─── Provided records ───
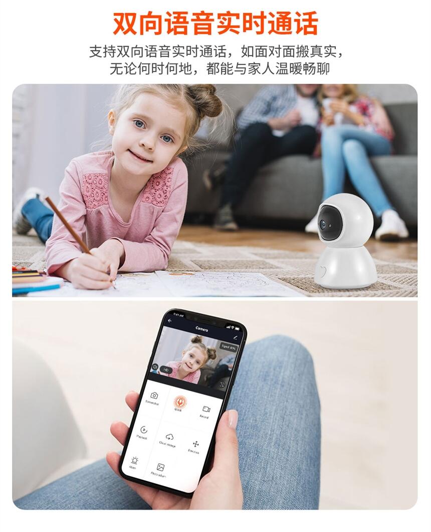 家用涂鸦智能摄像头1080P高清像素双向语音对讲夜视红外摄像头
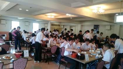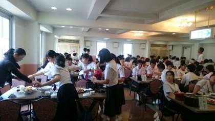 ご飯をよそったり、お茶を入れたり、自らが自然と行動できるところが、高津中の皆さんの良いところです。
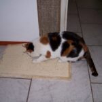 Koffie, Friet en Wijntje zijn allemaal géén horizontale krabbers, mijn vorige katje Chloe was dat juist wel, een horizontale krabber bij uitstek! Ze krabde graag haar nagels uit aan de schoonloopmatten en aan een sisal kleed dat ik speciaal voor de poezen heb gekocht.
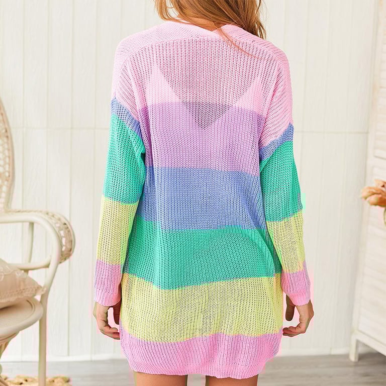 Women's cardigan without fastening. Loose long fit with long sleeves. Side pockets. Colourful rainbow pattern. Available in multiple variants.
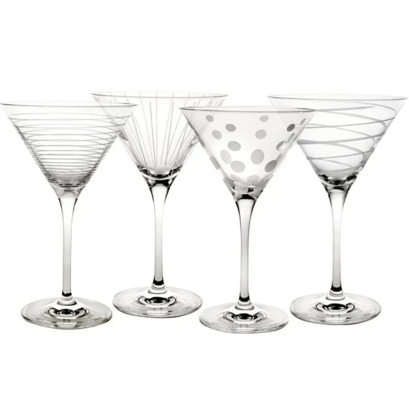 Avec leurs motifs insolites de pois, de lignes et de tourbillons, ces coupes à cocktail Cheers de Mikasa sont élégantes et originales.
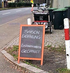 Yes, Toni opened his Kastaniengarten at the Greiffenegg and yesterday already people had their beers in the afternoon sun.
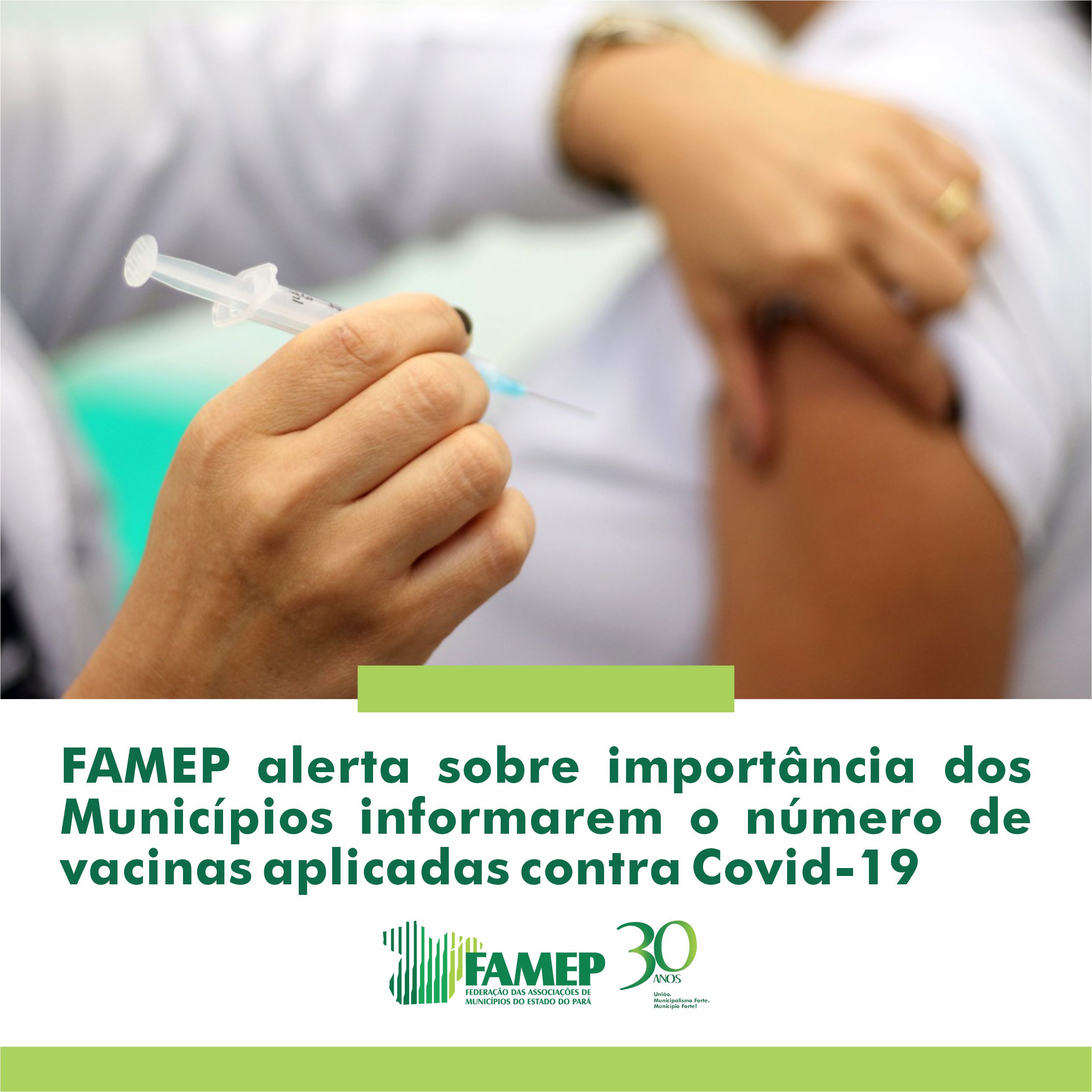 A Federação das Associações de Municípios do Estado do Pará (FAMEP) faz um alerta aos gestores municipais sobre a necessidade das Secretarias de Saúde dos 144 municípios do Pará informarem, com agilidade, o número de doses aplicadas de vacinas contra a Covid-19, para que o sistema Vacinômetro se mantenha atualizado. O apelo aos gestores municipais de Saúde é feito pelo presidente da Federação, Wagne Machado, reiterando um pedido anterior do diretor de Epidemiologia Bruno Pinheiro, da Secretaria de Estado de Saúde Pública (Sespa) no dia 11 de março.
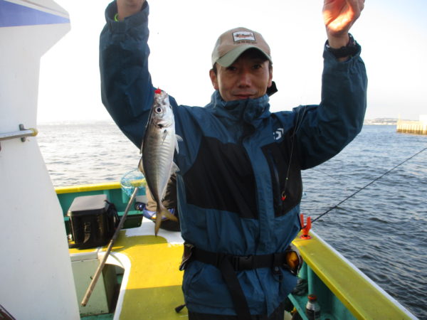 ※横浜沖を釣りました。朝のうちは風も無く凪で釣りが出来ていましたが、次第に北東の風から東の風に廻って来ていて、海が少しポチャ、ポチャして釣り難い感じでは有りましたが、アジは、ポツポツと釣れて来てくれてくれました。下げ潮のうちは波も無くアジが、ポツポツと釣れて来てくれていました。上げ潮になると風も東に廻って来て、潮と風が逆ですので、ポチャ、ポチャし出して船酔いされる人も出ていました。アジは好調に釣れて来てくれいました。他にトロサバも混じって釣れていました。
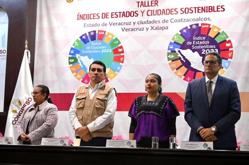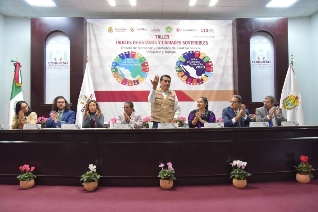 Xalapa, Ver., 12 de noviembre de 2025.- El Congreso de Veracruz contribuye al fortalecimiento del cuidado del medio ambiente, a la reducción de la desigualdad y al mejoramiento del desarrollo urbano y de las condiciones de vida de los más de ocho millones de habitantes del estado, afirmó la presidenta de la Mesa Directiva de la LXVII Legislatura, Naomi Edith Gómez Santos, al inaugurar el taller Índices de Estados y Ciudades Sostenibles, organizado por el Grupo Legislativo del Partido Verde Ecologista de México (PVEM), en colaboración con el Instituto Mexicano para la Competitividad, A. C. (IMCO), la Fundación NovaGob y el Centro Mario Molina.
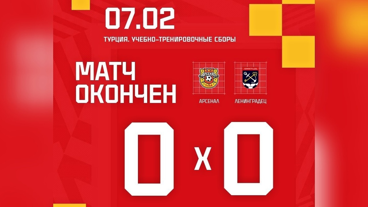 Тульский «Арсенал» в пятницу, 7 февраля, завершает второй зимний сбор в Турции двумя контрольными матчами. В первом из них, который начался в 11 часов, подопечные Александра Сторожука сыграли с клубом «Ленинградец», выступающим в дивизионе «А» Второй лиги. По ходу встречи обе команды имели неплохие моменты для взятия ворот, но счёт так и не был открыт – ничья 0:0. Отметим, что «Арсенал» проводил игру условно вторым составом с минимальным количеством замен. В первом тайме канониры вышли на поле в таком составе: Левашов (к), Мухин, Волков, Семенчук, Соколов, Сергеев, Раздорских, Цараев, Хабибов, Азявин, Арутюнов. Во втором тайме Левашова в створе арсенальских ворот сменил Кашинцев. В 17 часов соперником «Арсенала» в ещё одной контрольной встрече станет клуб «Барс Иссык-Куль» из Кыргызстана. После нескольких дней отдыха «Арсенал» вернётся в Турцию на третий сбор. Весеннюю часть чемпионата Первой лиги тульские футболисты начнут 1-го марта выездным матчем против «КамАЗа» из Набережных Челно
───
_Task requirements_
Where a picture appears, omit it; otherwise reproduce each line above from the first to the one with "Koffie, Friet en", inclusive.

_Written response_
 家用涂鸦智能摄像头1080P高清像素双向语音对讲夜视红外摄像头
 ご飯をよそったり、お茶を入れたり、自らが自然と行動できるところが、高津中の皆さんの良いところです。
 Koffie, Friet en Wijntje zijn allemaal géén horizontale krabbers, mijn vorige katje Chloe was dat juist wel, een horizontale krabber bij uitstek! Ze krabde graag haar nagels uit aan de schoonloopmatten en aan een sisal kleed dat ik speciaal voor de poezen heb gekocht.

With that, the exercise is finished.